Armstrong Whitworth Universal Locomotive

A photograph of the locomotives taken in Argentina

The Ceylon Government Railways took started their steam locomotives to diesel locomotives transformation as early as 1934. The first diesel locomotive was imported to Ceylon for shunting purposes, which was never used for passenger hauling. A year later, Ceylon Government Railways decided to import diesel locomotives for passenger trains.

During the 1930s the Indian State Railways were also looking at testing diesel locomotives for possible use on some of their longer distance routes which ran through areas with little or no rainfall and extremes of temperature. This was shortly after the introduction of Armstrong Whitworth’s ‘Universal Locomotive’ (UL) and its successful trials.

From these talks, Armstrong Whitworth set about building two UL type locomotives designed for the Indian State Railways loading gauge. Unfortunately, when the order was received it was for two (02) much more powerful locomotives, 1,200hp as against the UL of 880/800hp.

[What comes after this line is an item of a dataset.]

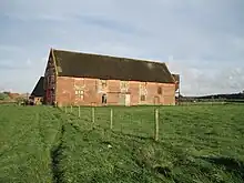 What remains of the medieval village today, consisted of a sunken way running east to west with two other roads running off to the south. Along both sides of the street can be seen banks and ditches separating individual house plots. About ten of these still remain to be seen. The church stood within a similar enclosure in an angle between the streets. At the eastern end of the site, the village street ran along a dam holding back a millpond with a small watermill at the far end. The line of the dam is now covered by farm buildings. In 1981 a remaining part of the church tower survived a collapse. The 13th-century church tower had been raised as a brick and flint folly when the church was pulled down in the 17th century. This folly may well have formed part of a scheme of landscape architecture for the later Godwick Manor. Inspection of the 1981 collapse found evidence of a Norman church amongst the rubble. Also still to be seen on the site is a large 13th-century red-brick barn with an elaborate façade, built over the line of the street. During the reign of Charles II, 200 men were garrisoned there and although access is barred, it is possible to walk round it and enjoy its beautiful windows.

The two locomotives (D27 & D28) were completed in the hope of finding a buyer for them. They were very similar to the UL locomotive, powered by an Armstrong-Sulzer 8LD28 engine. They had been built as mixed traffic locomotives, with the ability to operate up to 1,000 miles before refuelling and in conditions of tropical humidity and shade temperatures up to 120F.

Technical Specifications

  • Weight in working order: 81 tons
  • Adhesion weight: 52.5 tons
  • Maximum axle load: 17.5 tons
  • Top speed: 70 mph
  • Minimum curve: 5 chains
  • Maximum tr-active effort: 28,500 lb
  • Length: 43 ft
  • Height: 13 ft 6 in
  • Width: 9 ft 10.75 in
  • Total wheelbase: 30 ft
  • Rigid wheelbase: 14 ft 3 in
  • Driving wheel diameter: 4 ft
  • Pony truck wheel diameter: 3 ft

After completion, a six-month trial was arranged for both diesel locomotives with the Ceylon Government Railways, with the pair arriving in Ceylon in February 1935. Here they were renumbered 800 (D27) and 801 (D28). Primarily the locomotives were used on the Colombo – Talaimannar route. The rosters featured runs of 2,009 miles in 102 hours or 2,432 miles in 118 hours. Operating costs were half that of the steam locomotives.

After just over two months in service one of the locomotives (D27) suffered a traction motor fault. It was moved to the workshop for attention but whilst being lifted a chain broke allowing the locomotive to fall and strike the floor. Although the damage sustained appeared superficial, it was later discovered that the alignment of the engine mounting had been compromised, which led to a crankshaft failure late in July 1935, with the locomotive taken out of service, never to run again in Ceylon.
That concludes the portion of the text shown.